En España se gestionan anualmente más de 315.000 toneladas de neumáticos al final de su vida útil (NFVU), equivalentes a unos 25 millones de neumáticos, cuya correcta gestión evita la emisión aproximada de 1,38 millones de toneladas de CO₂ al año, además de importantes ahorros de energía, agua y materias primas. Estos ahorros se producen tanto en la fase industrial como en la cadena previa de obtención de materiales.
Según recoge Tratamiento de Neumáticos Usados (TNU) con motivo del Día Mundial de la Reducción de las Emisiones de CO₂, entre las distintas opciones de gestión de los NFVU, la reutilización y el recauchutado destacan por su elevada eficiencia ambiental. Los estudios de eficiencia energética y ambiental elaborados por la Universidad Miguel Hernández ponen de manifiesto que el recauchutado evita entre un 50% y un 60% de las emisiones de CO₂ asociadas a la fabricación de un neumático de turismo, lo que supone un ahorro medio de entre 25 y 30 kg de CO₂ por neumático. A ello se suma un ahorro energético cercano al 70% y una reducción de hasta el 75% en el consumo de materias primas.
En el caso de los neumáticos utilizados en autobuses, el impacto ambiental positivo es mayor: el recauchutado permite evitar hasta el 75% de las emisiones de CO₂ asociadas a la fabricación de un neumático nuevo, lo que supone un ahorro aproximado de entre 120 y 150 kg de CO₂ por neumático, además de importantes reducciones en el consumo de energía, agua y materias primas.
COMPRA PÚBLICA VERDE Y FLOTAS DE TRANSPORTE
La entidad recuerda que la compra pública verde constituye un instrumento clave para acelerar estos beneficios ambientales. En España, las administraciones y empresas públicas gestionan más de 1,2 millones de vehículos, entre turismos, furgonetas y grandes flotas de transporte, con un peso especialmente relevante de los autobuses urbanos e interurbanos, que concentran un elevado consumo de neumáticos a lo largo del año.

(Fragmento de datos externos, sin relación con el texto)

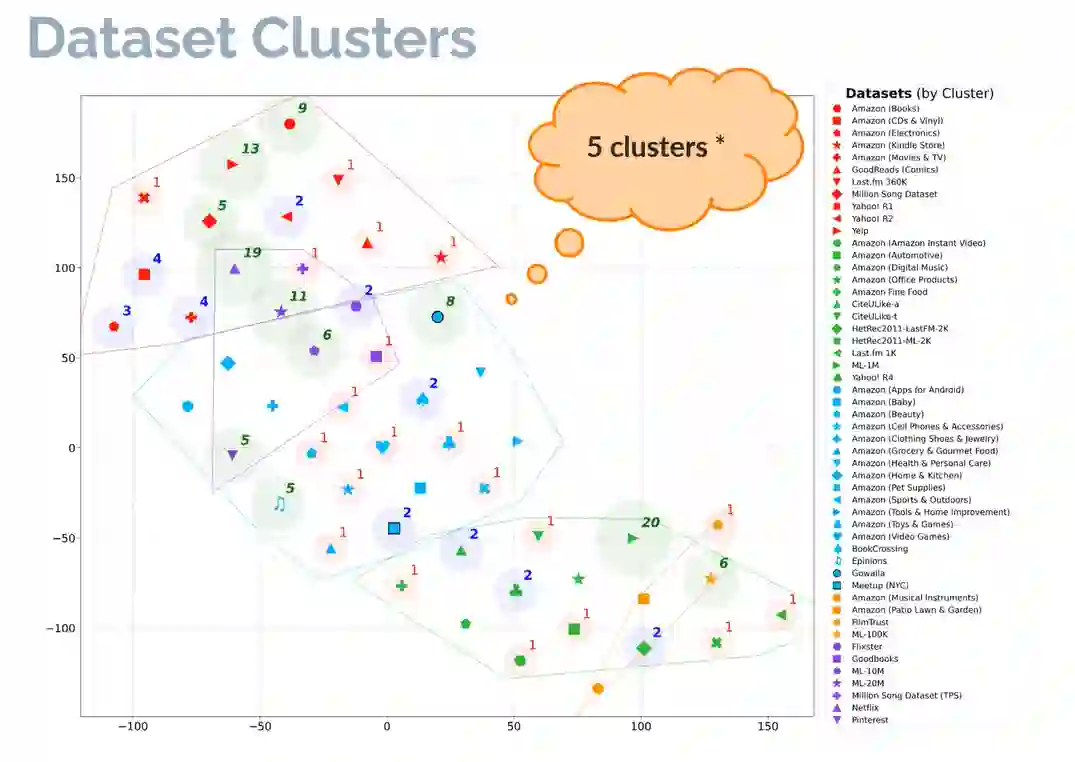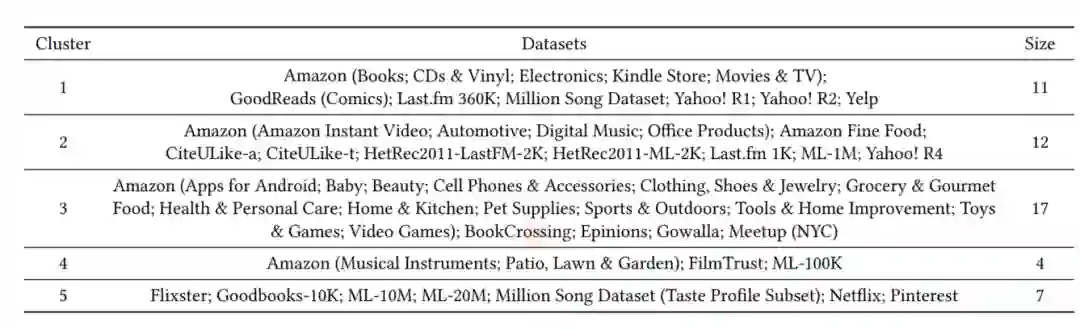 通过实验验证发现,对于不同相似性的数据集,算法的性能排名则不同,比如簇3中最好的算法RP3Beta在簇5中则最差。

Por ejemplo, la flota de autobuses urbanos de EMT Valencia, compuesta por alrededor de 480 vehículos, muestra el potencial de estas medidas. El recauchutado de un juego de neumáticos por autobús evitaría hasta un 75% las emisiones de CO₂ asociadas a su fabricación, lo que se traduce en un ahorro aproximado de entre 360 y 450 toneladas de CO₂ en una sola renovación de neumáticos de esta flota urbana. Además de los beneficios ambientales, el recauchutado de neumáticos aporta un ahorro económico significativo entre el 30% y el 40% respecto a un neumático nuevo.
"Integrar criterios de compra pública verde en la contratación de neumáticos permitiría reducir emisiones, disminuir el consumo de recursos y reforzar la coherencia entre las políticas de movilidad sostenible y los objetivos climáticos. Además, esta estrategia contribuiría a apoyar a las empresas nacionales de recauchutado, un sector industrial estratégico que genera empleo local y especializado y que se encuentra sometido a una fuerte presión de importaciones", señala TNU.